Each vector is a local cache of metrics, so accessing them is quite fast. Within a vector, all metrics share a common set of constant tags and a list of variable tags. In our database query example, the constant tags are cluster, application, and hostname, and the only variable tag is table name. Usage examples are included in the documentation for each vector type.
Push and Pull ¶
This package integrates with StatsD- and M3-based collection systems by periodically pushing differential updates. (Users can integrate with other push-based systems by implementing the push.Target interface.) It integrates with pull-based collectors by exposing an HTTP handler that supports Prometheus's text and protocol buffer exposition formats. Examples of both push and pull integration are included in the documentation for the root struct's Push and ServeHTTP methods.
See Also ¶
If you're unfamiliar with Tally and Prometheus, you may want to consult their documentation:
https://godoc.org/github.com/uber-go/tally https://godoc.org/github.com/prometheus/client_golang/prometheus
Example ¶
package main
import (
"fmt"
"go.uber.org/net/metrics"
)
func main() {
// First, construct a metrics root. Generally, there's only one root in each
// process.
root := metrics.New()
// From the root, access the top-level scope and add some tags to create a
// sub-scope. You'll typically pass scopes around your application, since
// they let you create individual metrics.
scope := root.Scope().Tagged(metrics.Tags{
"host": "db01",
"region": "us-west",
})
// Create a simple counter.

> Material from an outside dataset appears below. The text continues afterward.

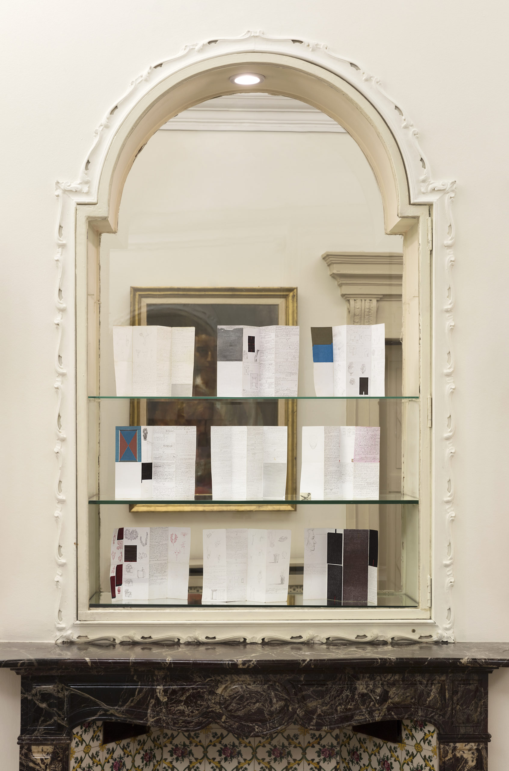 Infine una serie di pagine del taccuino sono disposte su due piani di un’altra teca, trasformandosi da appunti intimi a sculture di carta. Una rivincita dell’infinitesimale, che porta a valorizzare poesie, pensieri dell’artista e minute immagini provenienti dall’archivio personale di Giovanni De Lazzari. La lettura di queste opere rispecchia la fruizione della mostra, che a sua volta richiama la stessa cura impiegata dall’artista per osservare, raccogliere e riassemblare, tramite diversi medium, gli elementi naturali.

Note that the name is fairly long; if this code
// were part of a reusable library called "foo", "foo_selects_completed"
// would be a much better name.
total, err := scope.Counter(metrics.Spec{
Name: "selects_completed",
Help: "Total number of completed SELECT queries.",
})
if err != nil {
panic(err)
}
// See the package-level documentation for a general discussion of vectors.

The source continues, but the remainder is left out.